> [DATA SECTION]
################

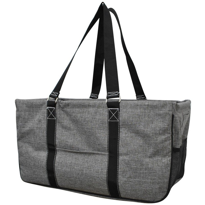 Cute multipurpose classic utility tote bag. Collapse market basket when not used. Constructed with water resistant nylon material. Push down metal bars and velcro to maintain the rectangle bag shape. Open tote bag style. The size of the bag is 23 x 10 x 10. Extra large tote size classic open utility tote bag. Can be used as shopping bag (warehouse clubs), overnight, weekender bag, beach bag, storage basket, craft bag, closet organizer basket and more! Haul your tools, groceries, beach towels, or camping gear on the go. Open top makes it easier to throw and pick up things in the bag. Convenient side mesh pockets and mini open pockets for small items. Double carrying handles. Handle drop approximately 13". Monogram Ready (Monogram sold Separately). Great gift idea for your friends and family.
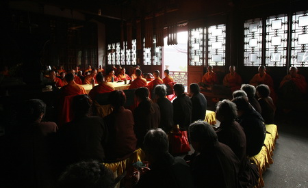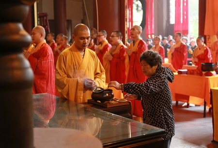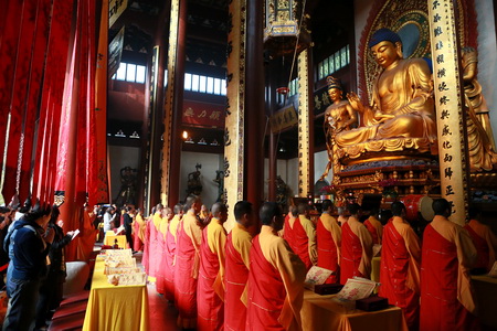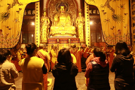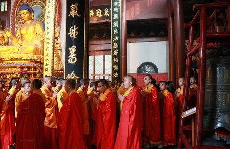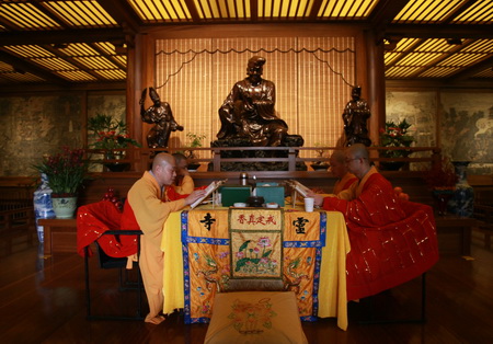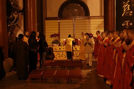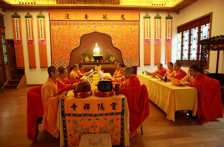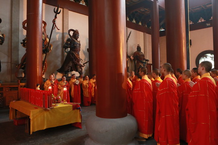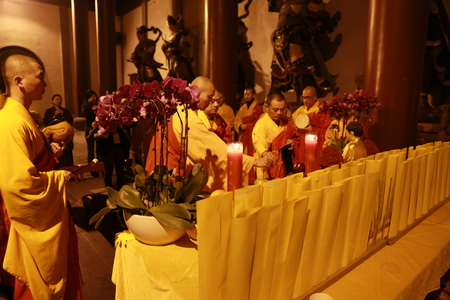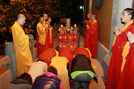 11月4日,灵隐寺水陆法会第一天,各坛佛事如法启建,大坛全天礼拜《梁皇忏》,晚上放三大士焰口一堂。
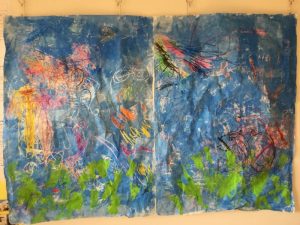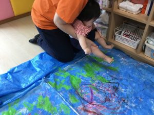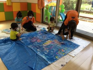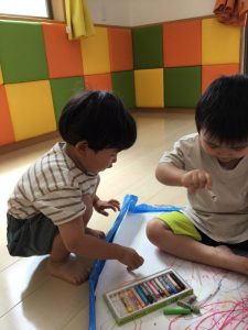 大きな模造紙にぺったりと座り込んで、クレヨンでお絵描きです。
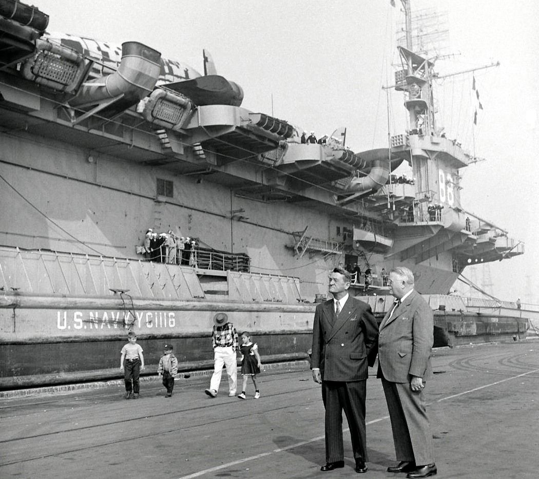 171k | YC-1116 and another unidentified YC alongside escort carrier Cape Esperance, location unknown, 1952. General Claire Lee Chennault and an unidentified associate are observing the docking of the carrier and SS Sea Dragon with their load of former CATC C-46 and Convair CV-240-14 aircraft. Photo from Archives, Loomis Dean photographer. |

################

> [YOUR GOAL] Down to the last line, print the material exactly, but not its pictures.

> [EXERCISE SOLUTION]
 Cute multipurpose classic utility tote bag. Collapse market basket when not used. Constructed with water resistant nylon material. Push down metal bars and velcro to maintain the rectangle bag shape. Open tote bag style. The size of the bag is 23 x 10 x 10. Extra large tote size classic open utility tote bag. Can be used as shopping bag (warehouse clubs), overnight, weekender bag, beach bag, storage basket, craft bag, closet organizer basket and more! Haul your tools, groceries, beach towels, or camping gear on the go. Open top makes it easier to throw and pick up things in the bag. Convenient side mesh pockets and mini open pockets for small items. Double carrying handles. Handle drop approximately 13". Monogram Ready (Monogram sold Separately). Great gift idea for your friends and family.
 11月4日,灵隐寺水陆法会第一天,各坛佛事如法启建,大坛全天礼拜《梁皇忏》,晚上放三大士焰口一堂。
 大きな模造紙にぺったりと座り込んで、クレヨンでお絵描きです。
 171k | YC-1116 and another unidentified YC alongside escort carrier Cape Esperance, location unknown, 1952. General Claire Lee Chennault and an unidentified associate are observing the docking of the carrier and SS Sea Dragon with their load of former CATC C-46 and Convair CV-240-14 aircraft. Photo from Archives, Loomis Dean photographer. |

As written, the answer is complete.